# [Your objective]
Restate word for word the lines of the listing below, from its first line through the line with "El escándalo se", without the pictures.

--- --- ---

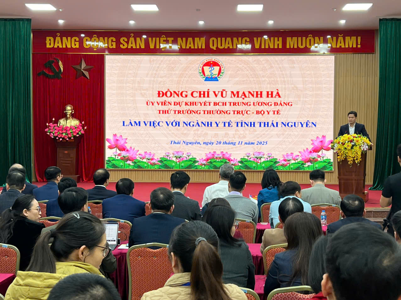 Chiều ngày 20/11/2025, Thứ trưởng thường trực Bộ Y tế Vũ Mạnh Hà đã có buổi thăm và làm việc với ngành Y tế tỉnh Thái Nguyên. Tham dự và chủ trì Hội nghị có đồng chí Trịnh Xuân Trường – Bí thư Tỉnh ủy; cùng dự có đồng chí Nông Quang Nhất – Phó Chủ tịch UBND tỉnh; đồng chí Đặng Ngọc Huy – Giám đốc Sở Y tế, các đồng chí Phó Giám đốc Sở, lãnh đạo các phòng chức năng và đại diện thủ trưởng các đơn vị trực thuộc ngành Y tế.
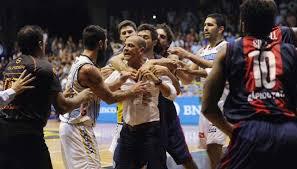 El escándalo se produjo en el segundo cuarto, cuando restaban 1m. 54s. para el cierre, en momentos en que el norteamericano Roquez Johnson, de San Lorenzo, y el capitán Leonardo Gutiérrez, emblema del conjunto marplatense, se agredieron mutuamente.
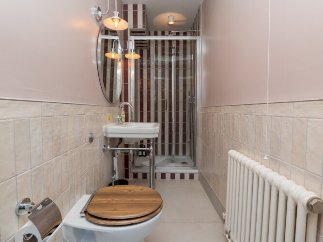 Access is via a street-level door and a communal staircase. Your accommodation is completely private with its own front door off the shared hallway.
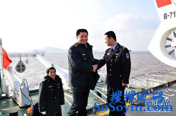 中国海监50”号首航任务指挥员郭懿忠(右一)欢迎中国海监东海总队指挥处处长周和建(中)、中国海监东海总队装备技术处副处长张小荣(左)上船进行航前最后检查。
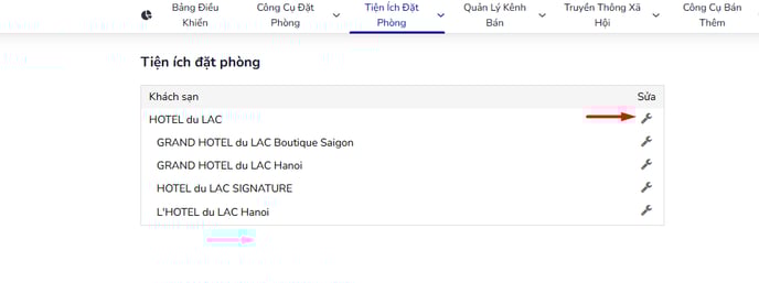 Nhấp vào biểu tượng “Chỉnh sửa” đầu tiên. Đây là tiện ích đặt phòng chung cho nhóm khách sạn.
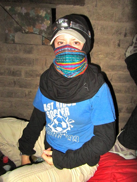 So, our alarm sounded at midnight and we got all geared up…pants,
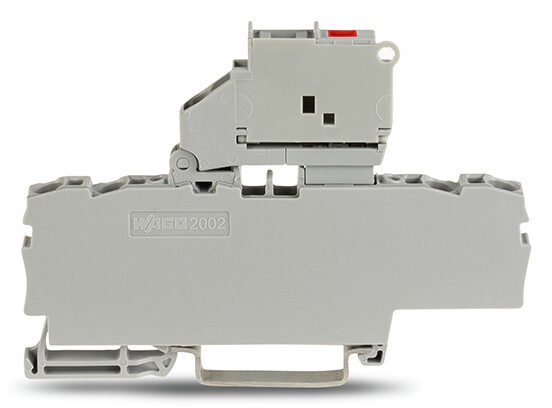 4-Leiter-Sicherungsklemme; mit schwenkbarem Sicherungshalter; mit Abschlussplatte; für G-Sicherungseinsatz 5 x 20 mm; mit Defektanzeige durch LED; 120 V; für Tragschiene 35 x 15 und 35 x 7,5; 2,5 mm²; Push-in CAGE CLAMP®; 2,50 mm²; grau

--- --- ---

# [Answer for this exercise]
 Chiều ngày 20/11/2025, Thứ trưởng thường trực Bộ Y tế Vũ Mạnh Hà đã có buổi thăm và làm việc với ngành Y tế tỉnh Thái Nguyên. Tham dự và chủ trì Hội nghị có đồng chí Trịnh Xuân Trường – Bí thư Tỉnh ủy; cùng dự có đồng chí Nông Quang Nhất – Phó Chủ tịch UBND tỉnh; đồng chí Đặng Ngọc Huy – Giám đốc Sở Y tế, các đồng chí Phó Giám đốc Sở, lãnh đạo các phòng chức năng và đại diện thủ trưởng các đơn vị trực thuộc ngành Y tế.
 El escándalo se produjo en el segundo cuarto, cuando restaban 1m. 54s. para el cierre, en momentos en que el norteamericano Roquez Johnson, de San Lorenzo, y el capitán Leonardo Gutiérrez, emblema del conjunto marplatense, se agredieron mutuamente.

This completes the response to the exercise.